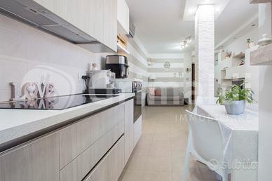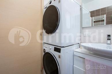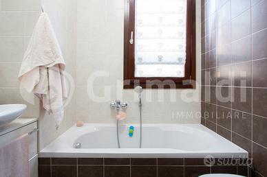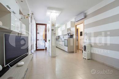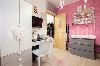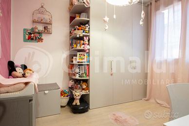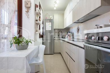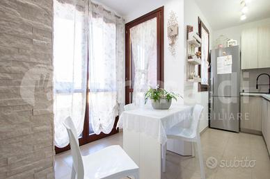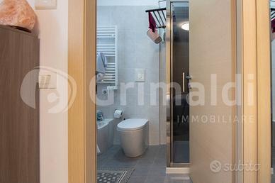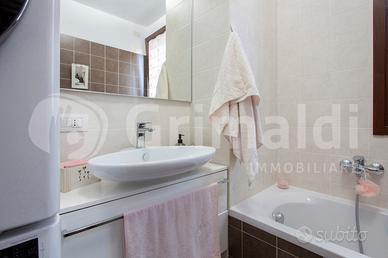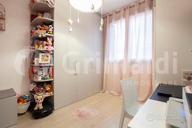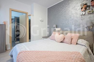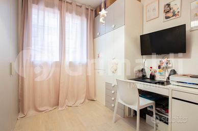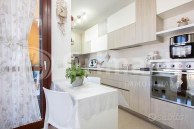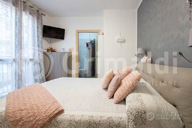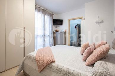 ingresso in soggiorno, angolo cottura aperto, terrazzino, disimpegno zona notte, bagno padronale con finestra, camera singola, camera matrimoniale con bagno dedicato con finestra. Esposizione tripla, climatizzatore, zanzariere, riscaldamento autonomo, infissi esterni in legno con doppi vetri, parquet nella zona notte.
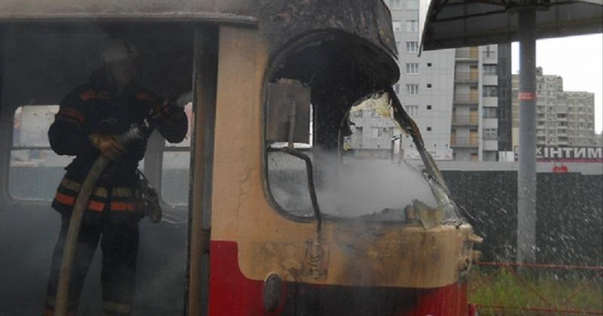 В Киеве на ходу загорелся трамвай с пассажирами. ФОТО
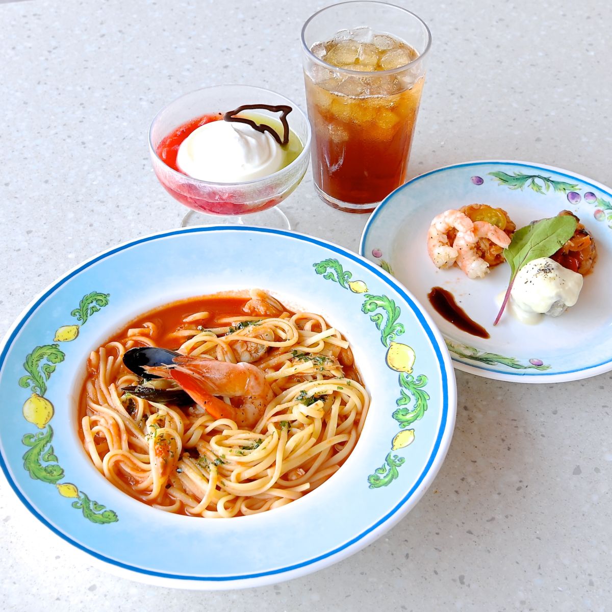 そんなカフェ・ポルトフィーノで提供されている前菜、パスタ、デザート、ドリンクがセットになったシェフのおすすめセットを紹介します☆
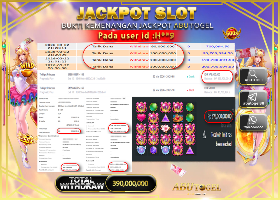 Bukti Jackpot Slot Online ABUTOGEL Minggu, 22 Maret 2026 Rp 390,000,000 - LUNAS
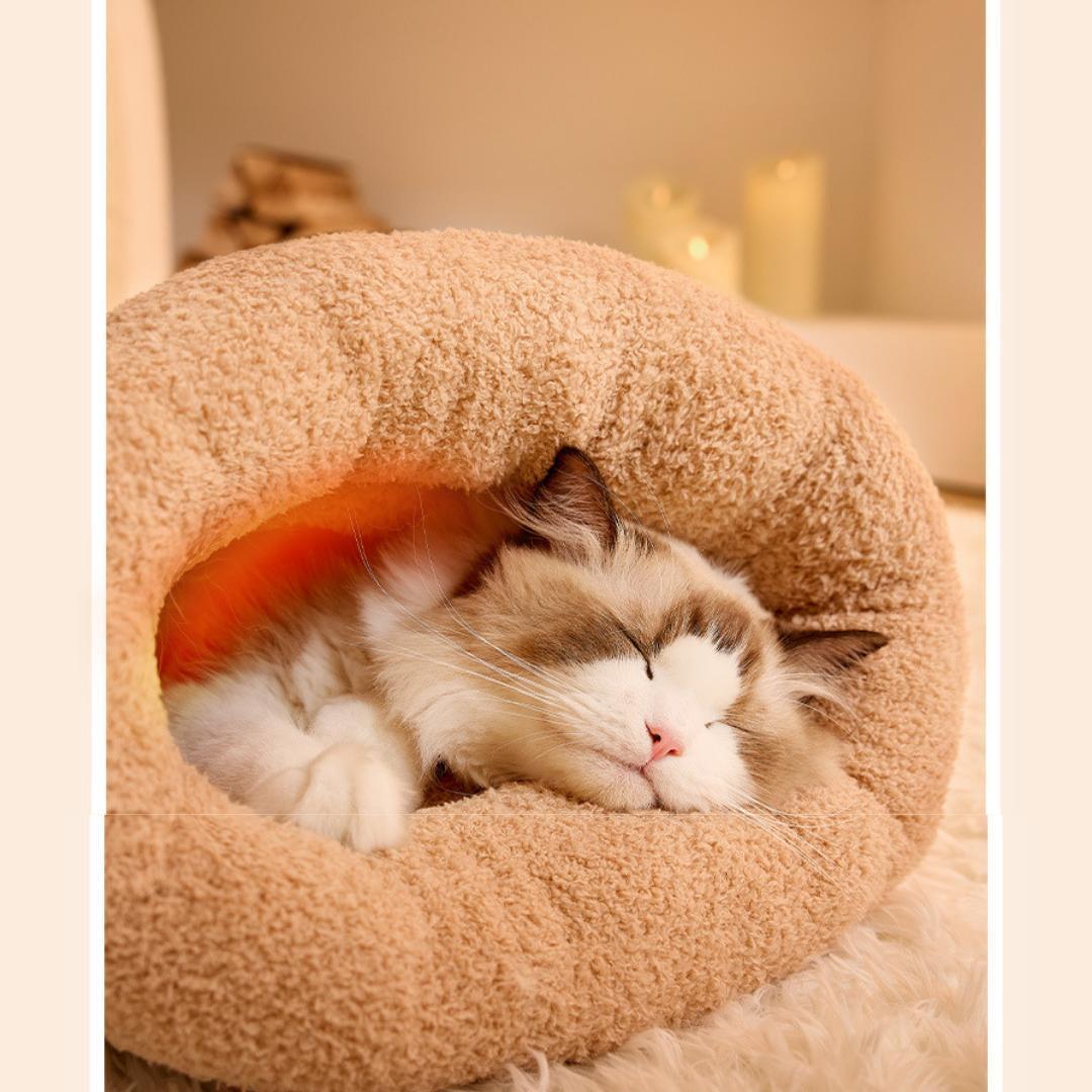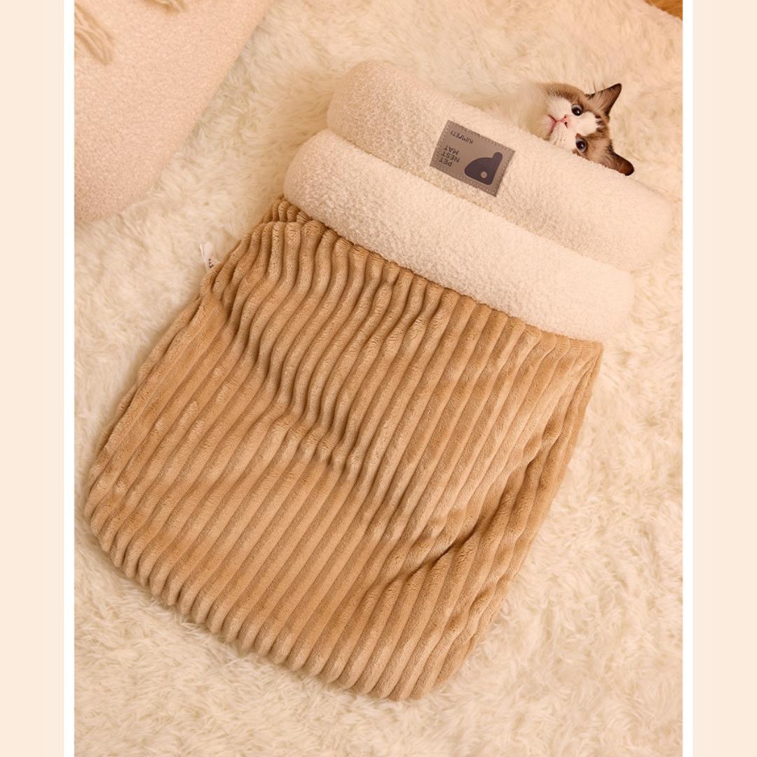 2WAYで使える筒型のふわふわペットクッション&寝袋♪ 密封式デザインで安心感抜群。冬の寒い夜や冷え込む季節も、ポカポカの素材でぐっすり快適な眠りをサポートします。
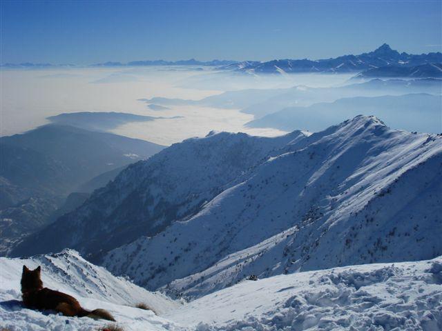 giornata splendida, temperatura primaverile, la pianura torinese sotto una fitta nebbia e noi a goderci beatamente per più di un'ora il sole in cima, salita…
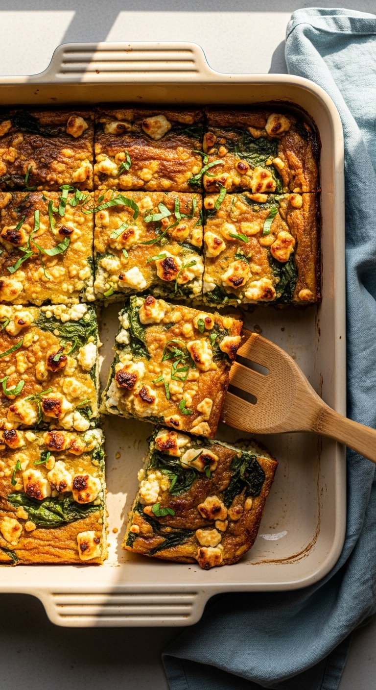 Cut into squares and garnish with fresh parsley or extra feta. Serve with a green salad or roasted potatoes. Refrigerate leftovers up to 4 days, or freeze portions for up to 1 month. Reheat in a moderate oven to avoid rubbery eggs. This casserole is ideal for holiday breakfasts or meal prep.
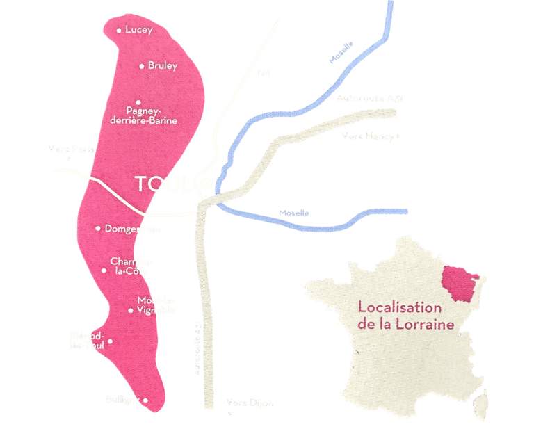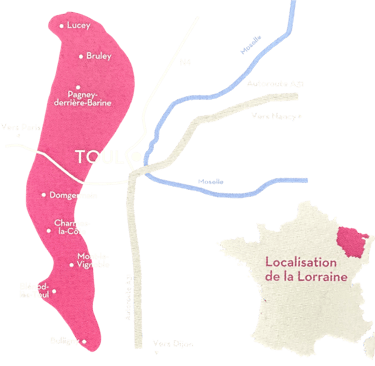 Implanté depuis l’époque romaine, le vignoble des Côtes de Toul regroupe 8 communes sur une bande de 20 km du nord au sud de Toul.
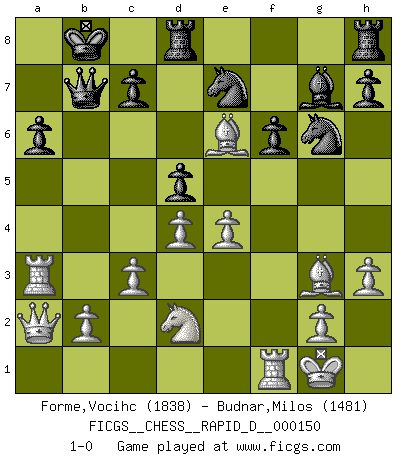 Last move : 1-0 2023 September 27 6:32:36 [Event "FICGS__CHESS__RAPID_D__000150"] [Site "FICGS"] [Date "2023.08.03"] [Round "1"] [White "Forme,Vocihc"] [Black "Budnar,Milos"] [Result "1-0"] [WhiteElo "1838"] [BlackElo "1481"] 1.e4 e5 2.Nf3 Nc6 3.Bb5 f6 4.O-O d6 5.d4 a6 6.Ba4 b5 7.Bb3 Bg4 8.c3 Nge7 9.a4 g5 10.h3 Bh5 11.Nxe5 Nxe5 12.Qxh5+ Ne5g6 13.f4 gxf4 14.Bxf4 Qd7 15.Nd2 O-O-O 16.Bg3 Bg7 17.axb5 Qxb5 18.Be6+ Kb8 19.Qd1 d5 20.Ra3 Qc6 21.Qb3+ Qb7 22.Qa2 1-0 Follow this game move after move (download)Chess is mental torture. (Garry Kasparov) Mein Name ist Rustam Kamsky. Sie haben meinen Sohn belästigt. Bereiten Sie sich aufs Sterben vor. (Rustam Kamsky) Realmente no sabemos como el juego fue inventado, aunque hay sospechas. Tan pronto como descubramos a los culpables, se los haremos saber. (Bruce Pandolfini) Demandez au pauvre Cg1 ce qu'il en pense. Eduard Gufeld à propos de la variante Saemisch de l'Est-Indienne. Winning isn't everything... but losing is nothing. (Mednis)
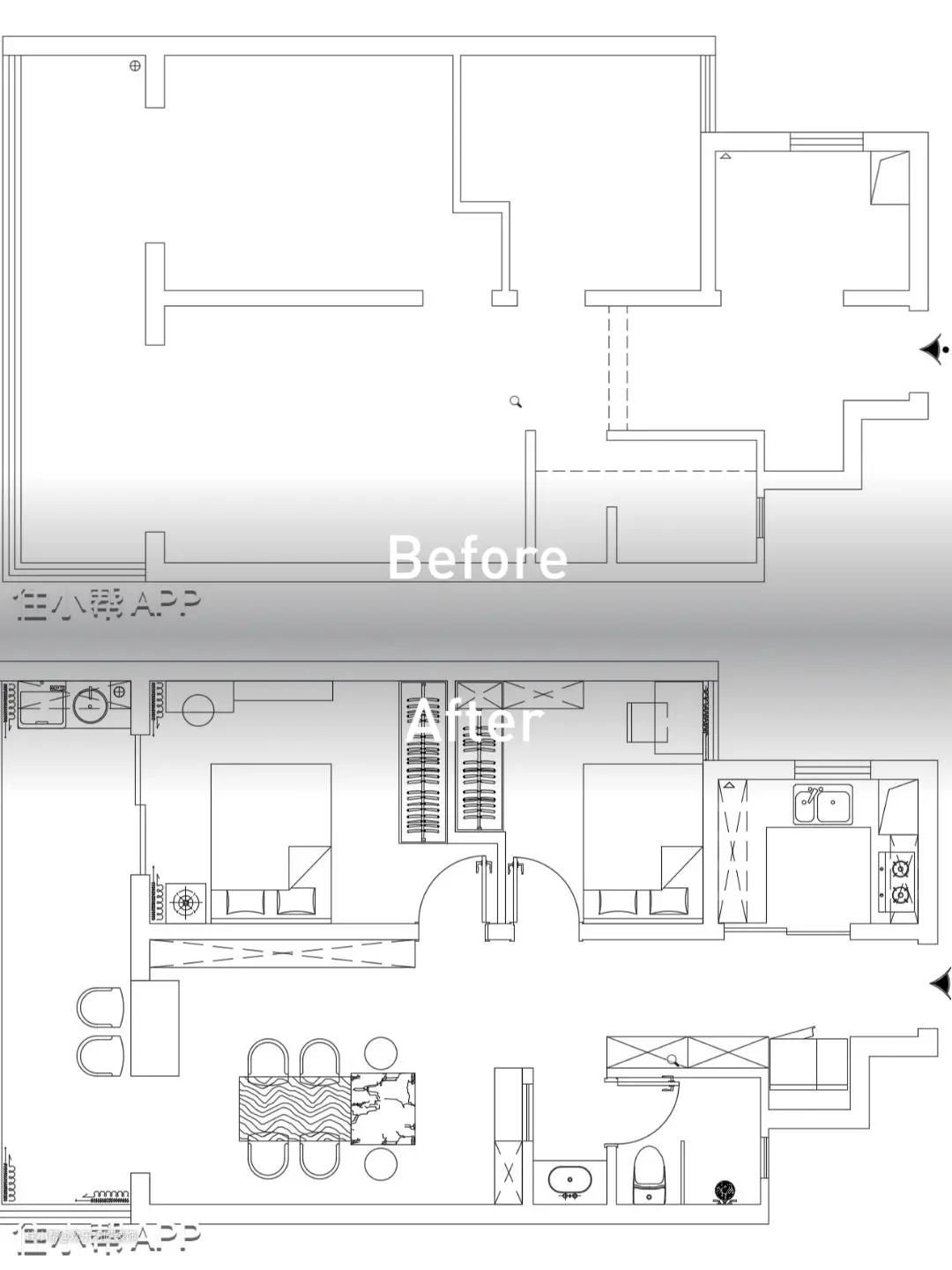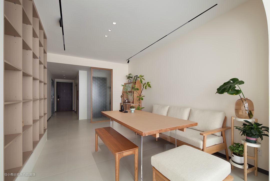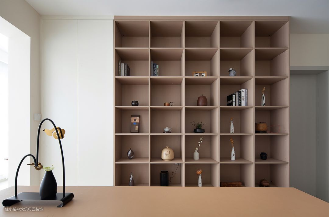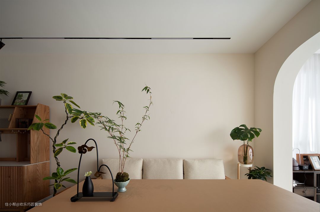 以实用性为出发点,汲取横亘于时间与空间的灵感,触达视觉表面和内心情感。素雅的沙发背景墙与咖色收纳柜背景墙相对矗立,在色彩和结构的维度,让畅想与写实的差异同时存在。利用不同的绿植装点,提升空间的生命力,以淡雅节制、深邃禅意为境界。

■ Problem details: Please copy the data shown above word for word, omitting the pictures.

■ Answer below:
 ingresso in soggiorno, angolo cottura aperto, terrazzino, disimpegno zona notte, bagno padronale con finestra, camera singola, camera matrimoniale con bagno dedicato con finestra. Esposizione tripla, climatizzatore, zanzariere, riscaldamento autonomo, infissi esterni in legno con doppi vetri, parquet nella zona notte.
 В Киеве на ходу загорелся трамвай с пассажирами. ФОТО
 そんなカフェ・ポルトフィーノで提供されている前菜、パスタ、デザート、ドリンクがセットになったシェフのおすすめセットを紹介します☆
 Bukti Jackpot Slot Online ABUTOGEL Minggu, 22 Maret 2026 Rp 390,000,000 - LUNAS
 2WAYで使える筒型のふわふわペットクッション&寝袋♪ 密封式デザインで安心感抜群。冬の寒い夜や冷え込む季節も、ポカポカの素材でぐっすり快適な眠りをサポートします。
 giornata splendida, temperatura primaverile, la pianura torinese sotto una fitta nebbia e noi a goderci beatamente per più di un'ora il sole in cima, salita…
 Cut into squares and garnish with fresh parsley or extra feta. Serve with a green salad or roasted potatoes. Refrigerate leftovers up to 4 days, or freeze portions for up to 1 month. Reheat in a moderate oven to avoid rubbery eggs. This casserole is ideal for holiday breakfasts or meal prep.
 Implanté depuis l’époque romaine, le vignoble des Côtes de Toul regroupe 8 communes sur une bande de 20 km du nord au sud de Toul.
 Last move : 1-0 2023 September 27 6:32:36 [Event "FICGS__CHESS__RAPID_D__000150"] [Site "FICGS"] [Date "2023.08.03"] [Round "1"] [White "Forme,Vocihc"] [Black "Budnar,Milos"] [Result "1-0"] [WhiteElo "1838"] [BlackElo "1481"] 1.e4 e5 2.Nf3 Nc6 3.Bb5 f6 4.O-O d6 5.d4 a6 6.Ba4 b5 7.Bb3 Bg4 8.c3 Nge7 9.a4 g5 10.h3 Bh5 11.Nxe5 Nxe5 12.Qxh5+ Ne5g6 13.f4 gxf4 14.Bxf4 Qd7 15.Nd2 O-O-O 16.Bg3 Bg7 17.axb5 Qxb5 18.Be6+ Kb8 19.Qd1 d5 20.Ra3 Qc6 21.Qb3+ Qb7 22.Qa2 1-0 Follow this game move after move (download)Chess is mental torture. (Garry Kasparov) Mein Name ist Rustam Kamsky. Sie haben meinen Sohn belästigt. Bereiten Sie sich aufs Sterben vor. (Rustam Kamsky) Realmente no sabemos como el juego fue inventado, aunque hay sospechas. Tan pronto como descubramos a los culpables, se los haremos saber. (Bruce Pandolfini) Demandez au pauvre Cg1 ce qu'il en pense. Eduard Gufeld à propos de la variante Saemisch de l'Est-Indienne. Winning isn't everything... but losing is nothing. (Mednis)
 以实用性为出发点,汲取横亘于时间与空间的灵感,触达视觉表面和内心情感。素雅的沙发背景墙与咖色收纳柜背景墙相对矗立,在色彩和结构的维度,让畅想与写实的差异同时存在。利用不同的绿植装点,提升空间的生命力,以淡雅节制、深邃禅意为境界。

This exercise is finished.